● WHAT THE TASK ASKS:
In the records below, find the line with "As you enter" and the line with "约2000㎡的亲子设计场是父"; return exactly those lines and every line between them.

● DATA:

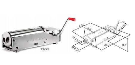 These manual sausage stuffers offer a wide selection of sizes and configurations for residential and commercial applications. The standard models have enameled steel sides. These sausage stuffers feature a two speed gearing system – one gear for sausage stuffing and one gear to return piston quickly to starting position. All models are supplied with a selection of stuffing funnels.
---
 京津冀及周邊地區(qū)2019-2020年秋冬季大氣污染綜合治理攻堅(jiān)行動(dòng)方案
---
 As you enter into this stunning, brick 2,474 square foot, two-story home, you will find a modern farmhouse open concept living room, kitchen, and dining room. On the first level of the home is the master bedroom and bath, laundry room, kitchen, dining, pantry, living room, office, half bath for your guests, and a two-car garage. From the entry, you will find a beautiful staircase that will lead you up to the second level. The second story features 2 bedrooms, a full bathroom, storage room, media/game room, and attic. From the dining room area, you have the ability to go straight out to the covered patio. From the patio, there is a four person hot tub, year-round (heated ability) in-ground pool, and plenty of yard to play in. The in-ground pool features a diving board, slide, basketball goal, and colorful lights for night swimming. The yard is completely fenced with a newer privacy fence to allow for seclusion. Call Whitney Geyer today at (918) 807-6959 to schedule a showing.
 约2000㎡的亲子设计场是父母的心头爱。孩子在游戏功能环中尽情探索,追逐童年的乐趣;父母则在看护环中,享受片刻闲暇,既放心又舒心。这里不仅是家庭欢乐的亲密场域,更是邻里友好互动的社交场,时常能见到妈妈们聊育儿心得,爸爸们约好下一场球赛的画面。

● TASK SOLUTION:
 As you enter into this stunning, brick 2,474 square foot, two-story home, you will find a modern farmhouse open concept living room, kitchen, and dining room. On the first level of the home is the master bedroom and bath, laundry room, kitchen, dining, pantry, living room, office, half bath for your guests, and a two-car garage. From the entry, you will find a beautiful staircase that will lead you up to the second level. The second story features 2 bedrooms, a full bathroom, storage room, media/game room, and attic. From the dining room area, you have the ability to go straight out to the covered patio. From the patio, there is a four person hot tub, year-round (heated ability) in-ground pool, and plenty of yard to play in. The in-ground pool features a diving board, slide, basketball goal, and colorful lights for night swimming. The yard is completely fenced with a newer privacy fence to allow for seclusion. Call Whitney Geyer today at (918) 807-6959 to schedule a showing.
 约2000㎡的亲子设计场是父母的心头爱。孩子在游戏功能环中尽情探索,追逐童年的乐趣;父母则在看护环中,享受片刻闲暇,既放心又舒心。这里不仅是家庭欢乐的亲密场域,更是邻里友好互动的社交场,时常能见到妈妈们聊育儿心得,爸爸们约好下一场球赛的画面。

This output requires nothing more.